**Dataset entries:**
%%
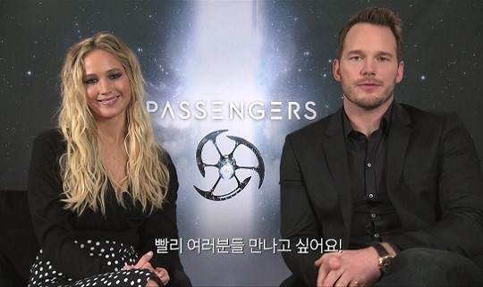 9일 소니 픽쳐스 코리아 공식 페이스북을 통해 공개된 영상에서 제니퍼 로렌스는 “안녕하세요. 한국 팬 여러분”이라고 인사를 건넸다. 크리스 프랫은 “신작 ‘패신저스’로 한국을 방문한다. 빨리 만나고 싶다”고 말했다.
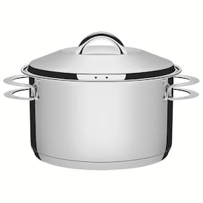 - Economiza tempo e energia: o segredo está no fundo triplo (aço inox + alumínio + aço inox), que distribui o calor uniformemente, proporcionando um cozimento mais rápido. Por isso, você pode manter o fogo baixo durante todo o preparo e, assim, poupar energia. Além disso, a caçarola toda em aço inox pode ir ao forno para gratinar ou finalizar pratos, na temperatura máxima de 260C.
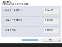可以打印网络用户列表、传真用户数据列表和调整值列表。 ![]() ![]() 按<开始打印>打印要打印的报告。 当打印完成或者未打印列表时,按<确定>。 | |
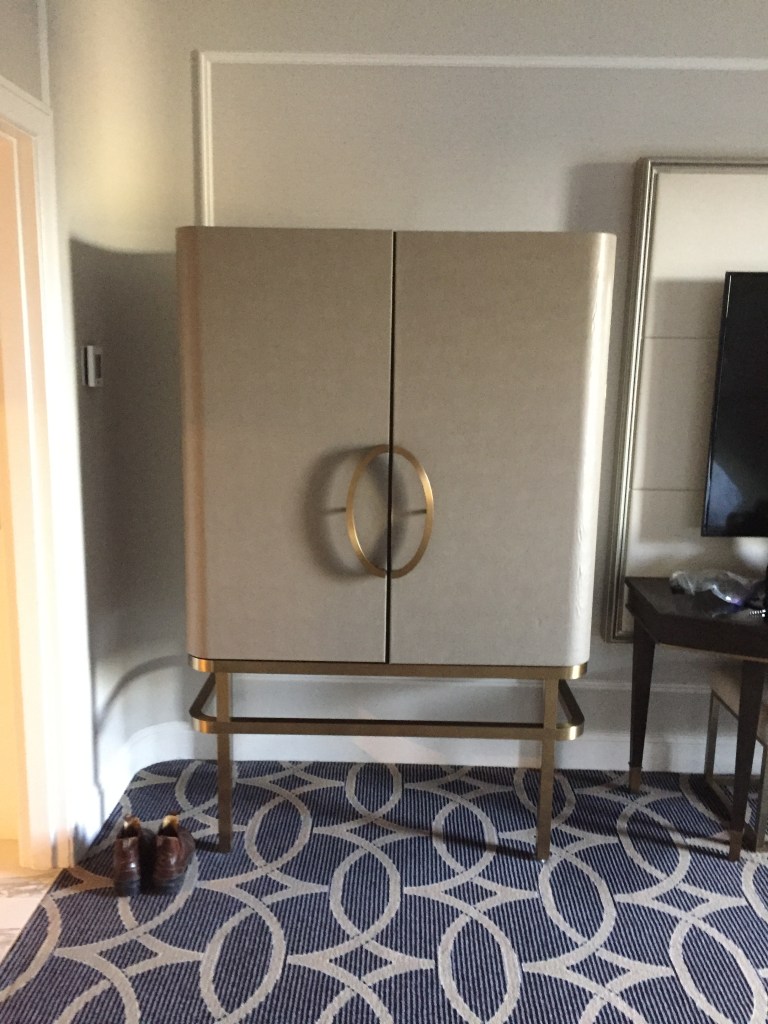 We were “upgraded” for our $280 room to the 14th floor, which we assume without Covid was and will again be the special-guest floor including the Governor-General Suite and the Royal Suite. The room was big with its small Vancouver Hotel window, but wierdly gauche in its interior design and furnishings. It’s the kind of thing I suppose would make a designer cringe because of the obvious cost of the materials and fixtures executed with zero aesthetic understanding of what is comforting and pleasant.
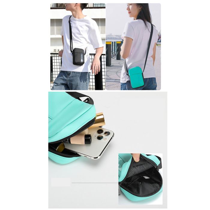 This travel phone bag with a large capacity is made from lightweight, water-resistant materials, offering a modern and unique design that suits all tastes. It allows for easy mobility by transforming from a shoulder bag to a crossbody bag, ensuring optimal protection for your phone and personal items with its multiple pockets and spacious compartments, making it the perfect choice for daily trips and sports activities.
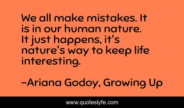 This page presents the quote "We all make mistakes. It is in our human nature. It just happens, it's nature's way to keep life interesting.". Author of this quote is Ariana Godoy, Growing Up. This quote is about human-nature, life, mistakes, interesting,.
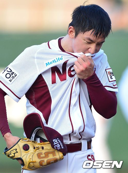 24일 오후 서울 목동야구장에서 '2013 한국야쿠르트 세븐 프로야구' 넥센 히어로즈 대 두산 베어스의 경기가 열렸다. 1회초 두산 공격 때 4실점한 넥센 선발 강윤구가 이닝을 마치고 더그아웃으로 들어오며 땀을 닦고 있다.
%%
**WORK ITEM:**
The answer must be an exact copy of the lines from the one containing "This page presents" through the last line of the records, with no pictures included.

**YOUR RESPONSE:**
 This page presents the quote "We all make mistakes. It is in our human nature. It just happens, it's nature's way to keep life interesting.". Author of this quote is Ariana Godoy, Growing Up. This quote is about human-nature, life, mistakes, interesting,.
 24일 오후 서울 목동야구장에서 '2013 한국야쿠르트 세븐 프로야구' 넥센 히어로즈 대 두산 베어스의 경기가 열렸다. 1회초 두산 공격 때 4실점한 넥센 선발 강윤구가 이닝을 마치고 더그아웃으로 들어오며 땀을 닦고 있다.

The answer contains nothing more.